The purpose of the Hazardous Waste (Regulation of Exports and Imports) Act 1989 is to regulate the export, import and transit of hazardous waste and to ensure that the waste is managed in an environmentally sound manner.

Operation


In 2012–13, 26 permits were granted and two were refused. Of the 26 permits granted, 15 were for imports and 11 were for exports. Details on each permit application and decision under the Hazardous Waste (Regulation of Exports and Imports) Act 1989 is published in the Australian Government Gazette.

Compliance and enforcement


The department continued to strengthen its enforcement activities and acted in cooperation with the Australian Customs and Border Protection Service to help prevent illegal traffic in hazardous waste. Those with information that may be helpful in stopping illegal exports can contact the department’s hazardous waste unit by calling 1800 803 772 or emailing hwa@environment.gov.au.

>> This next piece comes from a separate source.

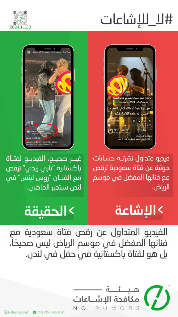 ولكن، بعد فحص الفيديو، تبين أنه يعود إلى حفل أقيم في لندن في سبتمبر الماضي، وليس في الرياض.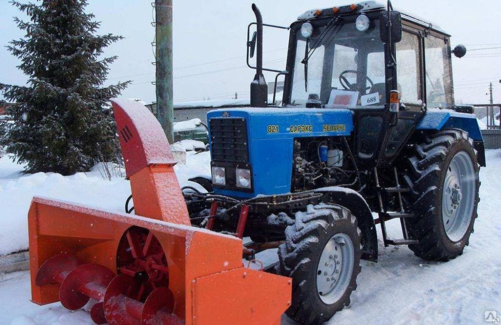 Снегоочиститель (шнекоротор) навешивается на трактор, оборудованный задним валом отбора мощности (ВОМ) и выводами для подсоединения гидросистемы.

Administrative Appeals Tribunal


One application made to the Administrative Appeals Tribunal in 2011–12 was withdrawn by the applicant in 2012–13. The application relates to the review of a decision not to grant a permit under the Hazardous Waste (Regulation of Exports and Imports) Act 1989.

Reporting


This section fulfils the reporting requirements of the Hazardous Waste (Regulation of Exports and Imports) Act 1989 (section 61) for the period 1 July 2012 to 30 June 2013.

An annual report on the implementation of the Basel Convention on the Control of Transboundary Movements of Hazardous Wastes and Their Disposal (Basel Convention) by Australia was submitted to the Secretariat of the Basel Convention during 2012–13. National reporting under the Basel Convention is on a calendar year basis. Published reports are available on the Basel Convention’s website at: www.basel.int/Countries/NationalReporting/StatusCompilations/tabid/1497/Default.aspx.


Financial information


Section 32 of the Hazardous Waste (Regulation of Exports and Imports) Act 1989 prescribes fees for the lodgement of permit applications. This year’s income from fees totalled $23 226.

Committees


Section 58E of the Hazardous Waste (Regulation of Exports and Imports) Act 1989 requires that the minister must establish a committee, to be known as the Hazardous Waste Technical Group, which may be called upon to advise on technical issues associated with the operation of the Act. The Hazardous Waste Technical Group met face-to-face and by teleconference twice during 2012–13 to discuss technical issues associated with the operation of the Act that required the group’s advice.
Table 12: Membership of the Hazardous Waste Technical Group

Name

Appointed

Professor Paul Greenfield (Chair)

1995

Dr Peter Di Marco

1995

Mr John Hogan

1997

Ms Diane Kovacs

1995

Mr Stephen Moore

1995

Dr Peter Nadebaum

1997

Dr Neill Stacey

2000

Dr Jennifer Stauber

1997

Dr Bro Sheffield-Brotherton (Observer)

-

Financial statements

Information on the Hazardous Waste (Regulation of Exports and Imports) Act 1989


and its operation is available at: www.environment.gov.au/settlements/chemicals/hazardous-waste.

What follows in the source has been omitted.